Thanks, good to see you back Greg.
Phil


----------



## All Buns Glazing

Hey Guys,
Here's my entry for the novice class. Shooting at an A4 sheet of paper from 33ft (10 meters) with single TBG 25/20mm taper with 9.5mm steel on one of the nicest possible days ever.

Score: 5 pts (5 hits).

To be as fair as possible, I just shot these shots cold - the A4 sheet was pretty easy to hit, but it's going to get tougher when we start folding it, I'm certain of that!
If I make it through to round 3, I'll be shooting in the Vietnamese countryside, so that'll be a VAST change of scenery from my messy West Australian backyard! haha

Anyway, here's the video.


----------



## Charles

Good shooting ... looks like the pattern from a full auto burst .... gradually creeping up ...

Cheers .... Charles


----------



## All Buns Glazing

Thanks Charles - truth is the first shot landed high, 2nd low, then it crept to the centreish.


----------



## richblades

good stuff right there.
Looks like I better get to practicing to make it into the second round with ya.
I love to compete at anything but shooting and making holes is an all time favorite.


----------



## Flatband

We had our NY Metro shoot in Long Island today (Saturday May19th). We made copies of the Slingshot Forum Target and 3 of us who hadn't shot the target yet gave it a go. The video is below and the results were: Peresh-Pro Division-85 points
Flatband-Pro Division-70 points
CVArcher-Pro Division-60 points. Lot of fun!





 Flatband


----------



## lightgeoduck

Flatband said:


> We had our NY Metro shoot in Long Island today (Saturday May19th). We made copies of the Slingshot Forum Target and 3 of us who hadn't shot the target yet gave it a go. The video is below and the results were: Peresh-Pro Division-85 points
> Flatband-Pro Division-70 points
> CVArcher-Pro Division-60 points. Lot of fun!
> 
> 
> 
> 
> 
> Flatband


That's some good stuff,,, The next time I am in country, I definitely would love to swing up there one saturday and shoot with you guys!

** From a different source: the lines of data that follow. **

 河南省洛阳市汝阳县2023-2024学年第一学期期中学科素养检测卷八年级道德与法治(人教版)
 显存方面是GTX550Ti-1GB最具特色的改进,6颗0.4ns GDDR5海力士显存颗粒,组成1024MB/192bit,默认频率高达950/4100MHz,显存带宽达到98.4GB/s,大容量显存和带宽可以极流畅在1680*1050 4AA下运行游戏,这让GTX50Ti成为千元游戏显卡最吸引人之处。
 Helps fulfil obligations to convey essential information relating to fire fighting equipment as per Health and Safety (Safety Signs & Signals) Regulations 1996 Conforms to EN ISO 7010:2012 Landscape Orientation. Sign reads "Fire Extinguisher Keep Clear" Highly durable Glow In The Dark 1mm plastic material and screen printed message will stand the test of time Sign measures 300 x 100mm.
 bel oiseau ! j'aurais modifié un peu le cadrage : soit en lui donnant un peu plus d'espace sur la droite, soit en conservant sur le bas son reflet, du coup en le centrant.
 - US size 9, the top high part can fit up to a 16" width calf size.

Well, with out further doo







here is my entry....and obviously this was a single take job







... I added some other stuff of interest (to me at least) so it isn't just a shooting video...

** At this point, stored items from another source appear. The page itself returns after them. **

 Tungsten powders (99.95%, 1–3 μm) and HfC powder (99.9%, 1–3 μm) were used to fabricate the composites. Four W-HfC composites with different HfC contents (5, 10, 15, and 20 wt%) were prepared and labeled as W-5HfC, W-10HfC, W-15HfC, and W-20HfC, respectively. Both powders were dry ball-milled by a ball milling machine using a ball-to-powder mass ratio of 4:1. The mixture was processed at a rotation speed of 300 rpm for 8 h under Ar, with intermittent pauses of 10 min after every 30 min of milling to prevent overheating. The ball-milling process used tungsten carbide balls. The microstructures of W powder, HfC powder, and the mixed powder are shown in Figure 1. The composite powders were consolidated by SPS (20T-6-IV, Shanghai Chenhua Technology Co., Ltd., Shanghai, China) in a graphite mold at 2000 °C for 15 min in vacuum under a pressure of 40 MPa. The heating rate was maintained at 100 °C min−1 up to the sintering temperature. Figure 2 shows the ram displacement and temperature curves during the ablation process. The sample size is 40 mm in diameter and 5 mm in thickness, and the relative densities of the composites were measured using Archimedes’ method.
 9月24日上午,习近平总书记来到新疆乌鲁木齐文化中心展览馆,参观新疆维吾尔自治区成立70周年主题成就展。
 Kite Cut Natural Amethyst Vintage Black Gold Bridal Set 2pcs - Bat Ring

note you can skip straight to the shooting by clicking the lower right portion of the vid.. and a bit back from that point will show my distance verification

[media]http://www.youtube.com/watch?v=cYVbx9jmMBw

I am running under the "Expert" class and though I may not necessarily be an expert, I would like to think I am not a beginner









Thanks

LGD


----------



## Bostradamus

you guys are all good!! i'm in and excited to try too!! 
for beginner, im not ballsy enough to try for expert....yet


----------



## Flatband

Hey, doing good, doing bad, it doesn't matter. We're trying, having fun and competing-COOL!!!!!Flatband


----------



## Beanflip

Here is some open class fun.


----------



## Beanflip

I've shot at the paper a few times. 80 was my best. I am going to follow the rules as they are and try to post one for 100 before the deadline.


----------



## philly

Greg, great vid and good group, move that to the right just a tad and you would be right up there. I shot four vids to get to 100 points, first was a 95. Shot with the gang yesterday on LI and it does make a difference when the camera is on, we all shot good until it was time to record and then the yipstayips took over. Anyway, good shooting, enjoyed the tape.
Philly


----------



## M.J

philly said:


> Greg, great vid and good group, move that to the right just a tad and you would be right up there. I shot four vids to get to 100 points, first was a 95. Shot with the gang yesterday on LI and it does make a difference when the camera is on, we all shot good until it was time to record and then the yipstayips took over. Anyway, good shooting, enjoyed the tape.
> Philly


I've got a bad case of the "yipstayyips" on right now!
Basically taking a break from any kind of real target shooting.


----------



## M.J

Beanflip said:


> Here is some open class fun.


You're the man, Beanflip! I'll give you a pass on the verification because of your history and because you're the first open class entry (it's like how a teacher grades you easier if you volunteer to go first) but you need to verify it on the paper targets for sure.
Also bring back the 'stache!


----------



## Bostradamus

Hrawk said:


> Post your entries here for May 2012. Be sure to include your video and state what division the entry is for.
> 
> *Current Entries and Scores:*
> 
> *NOVICE*
> Richblades - 4
> All Buns Glazing - 5
> 
> *BEGINNER*
> No entries
> 
> *Intermediate*
> LGD - 40pts
> 
> *EXPERT*
> Pop Shot (and John Rambo) - 95
> 
> *PRO*
> M_J - 90pts
> Rayshot - 100pts
> Kenny Cannon - 100pts
> Philly - 100pts
> Peresh - 85pts
> Flatband - 70pts
> CVArcher - 60pts
> 
> *Open*
> Beanflip - 10pts


i wanted to be put in the beginner class, but now that there is an intermediate, please put me down for that!! and the video has to be posted by when??


----------



## M.J

June 7th is the last day. Just post the vid in this topic. Good luck!


----------



## richblades

good shooting beanflip, I can just see me when I can shoot like that..I'll need a bigger hat or bigger head.
I have made me another natural catty from a fallen poplar and as soon as I sand the blood off of it and finish it up and get her banded, I'm goin for my 5 in the paper agani.
Seems it's not just power tools I have to be extra saftey minded about. Did anyone know how easy is it is to cut into a digit with a coping saw?.
whoopsie!!


----------



## M.J

Here's an entry from my wife, Jodi







. She's entering in the Novice class.
Slingshot is a little natural from Crazy Mike with a Flatband double-cup pouch. Score: 4





Edit: Moving Jodi's entry to the Beginner class. Her score is 25.


----------



## Hrawk

Great shooting Mrs MJ !


----------



## Rayshot

That is great that she did the video entry. Maybe it is a mixed up memory but I thought the Mrs didn't have anything/interest to do with slingshots.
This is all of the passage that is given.